7. Grade the effectiveness of the responses
It is important to know how much of the risk can be managed – assuming that the responses outlined above are in place and working as required. For example, will the control measures reduce the likelihood of an impact by 10%, 50% or more, or remove it completely?
This allows the enterprise to see whether it needs to do more to manage the risk, as well as which responses have the biggest effect, identifying, for example, whether a greater reduction in risk would be achieved through investing in further technology or a more targeted cyber awareness campaign for employees.
If a risk is still present, then time should be spent enhancing the organisation’s business continuity plans to account for these scenarios, such as lack of recovery of key data, and updating critical incident plans for scenarios where the enterprise might have to contact external bodies such as the police, customers or regulatory organisations.
Throughout this process, the quality of the information is paramount – accuracy will be drastically improved with key facts and data to inform the various scenarios.
Similarly, providing people with appropriate and consistent gradings and measures to quantify the impacts, along with guidelines to help them understand which to select, will also help to ensure greater consistency.
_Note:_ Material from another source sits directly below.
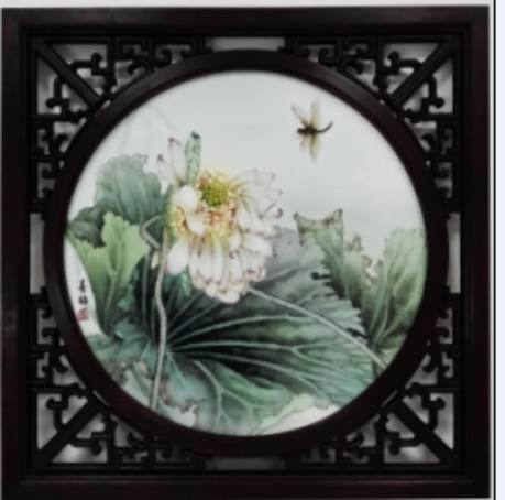 创意与工艺:采用釉上彩,工笔与写意的结合。荷花优雅的姿态和蜻蜓仿佛在诉说着一个故事,蜻蜓穿梭,荷花娇语,蕴含着无限的生机和活力。这是一副工笔兼写意的画作,即有工笔的细致,又有写意的大气,画面透着灵动,任人去遐想。

This is particularly important if several people are involved in the evaluation processes.
Read more from Computer Weekly’s Security Think Tank about how to survive a cyber attack that could potentially destroy a business
As it is highly unlikely that an organisation will face one single risk for an extinction-level cyber threat, it is potentially worth breaking the main risk into smaller components that can be managed more easily.
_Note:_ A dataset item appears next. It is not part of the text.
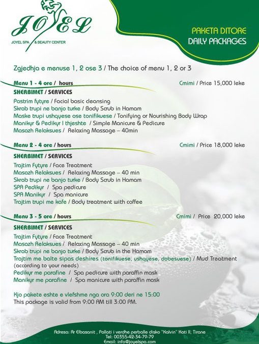 You can choose between the daily packages that we provide, according to the different services that you want . Packages are a suitable combination between: body treatments, relaxing massages, cosmetic services, are also included body skrab services at turkish bath according to your choice .

For example, the risk of email spoofing is likely to be driven by social engineering or phishing and the response may be cyber awareness training or a mandatory internet security policy reinforced with appropriate exams and questions, all with the aim of stopping employees from clicking on suspicious links.
This enables “smaller” risks to be grouped together to get the overall visibility of the “top” risk.
Preparing for Doomsday scenarios may seem frightening or unnecessary – or both. However, investing in pre-emptive risk management should be regarded as a good business practice for the 21st century. A company has very little influence in preventing an attack, but it can have a significant degree of control over the responses and recovery strategy (impact reduction measures) that it adopts.